= Beginning of Section =

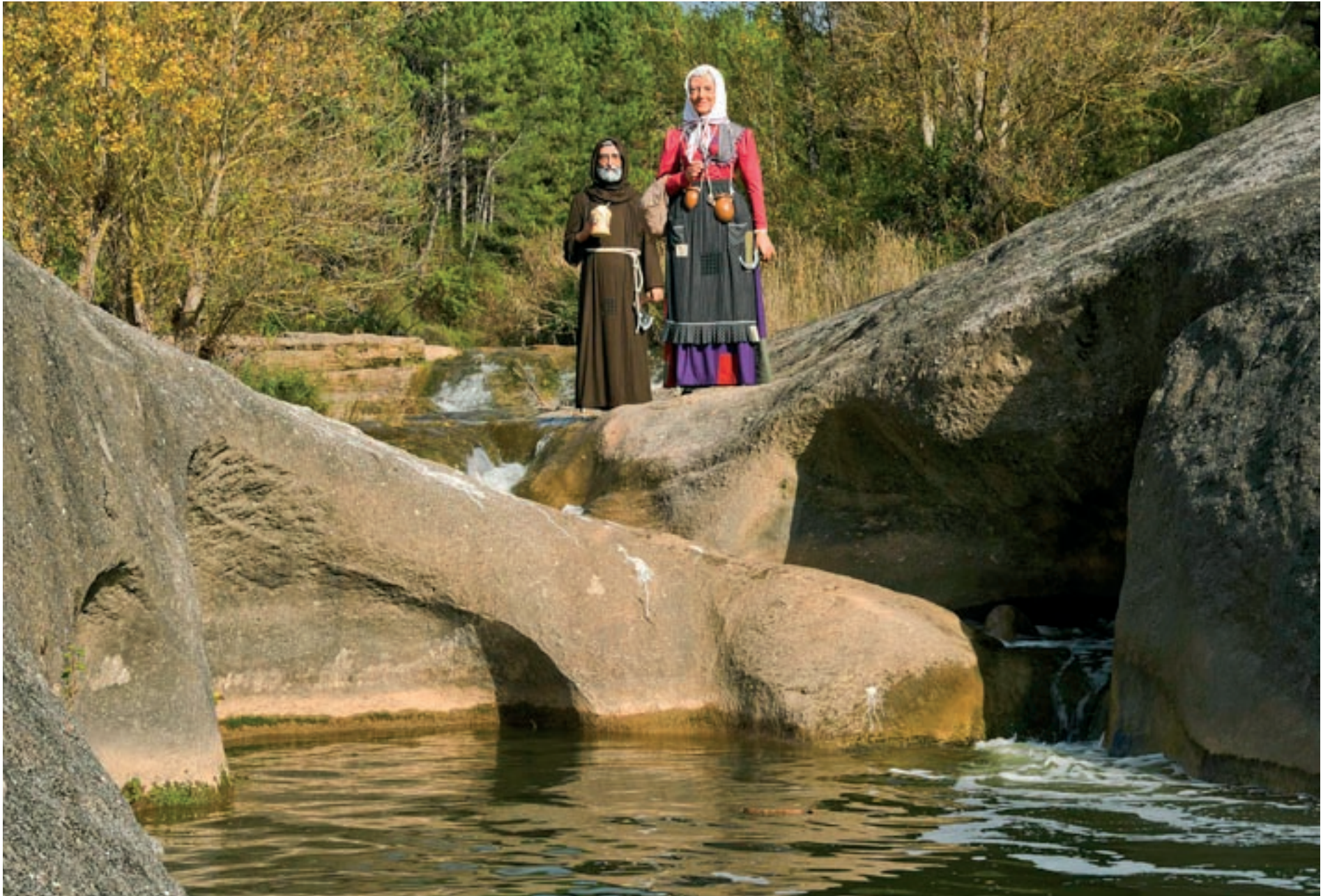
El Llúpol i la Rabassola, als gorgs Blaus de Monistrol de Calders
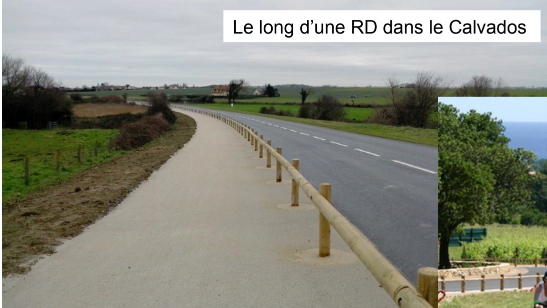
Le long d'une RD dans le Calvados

= End of Section =
= Beginning of Section =

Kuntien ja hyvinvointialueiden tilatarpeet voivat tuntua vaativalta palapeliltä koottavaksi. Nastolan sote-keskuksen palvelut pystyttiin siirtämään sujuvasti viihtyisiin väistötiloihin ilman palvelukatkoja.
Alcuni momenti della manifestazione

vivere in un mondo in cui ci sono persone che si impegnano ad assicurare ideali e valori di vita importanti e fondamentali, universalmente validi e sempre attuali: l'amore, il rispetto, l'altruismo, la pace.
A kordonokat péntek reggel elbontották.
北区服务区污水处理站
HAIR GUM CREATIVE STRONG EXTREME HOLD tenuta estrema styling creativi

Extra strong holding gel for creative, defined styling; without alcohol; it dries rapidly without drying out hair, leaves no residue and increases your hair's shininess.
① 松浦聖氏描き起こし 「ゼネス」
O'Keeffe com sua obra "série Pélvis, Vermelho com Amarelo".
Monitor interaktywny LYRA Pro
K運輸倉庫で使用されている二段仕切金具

= End of Section =

TASK BRIEF: In the records, which lines mention the word "styling"? Copy those lines.

TASK ANSWER:
HAIR GUM CREATIVE STRONG EXTREME HOLD tenuta estrema styling creativi
Extra strong holding gel for creative, defined styling; without alcohol; it dries rapidly without drying out hair, leaves no residue and increases your hair's shininess.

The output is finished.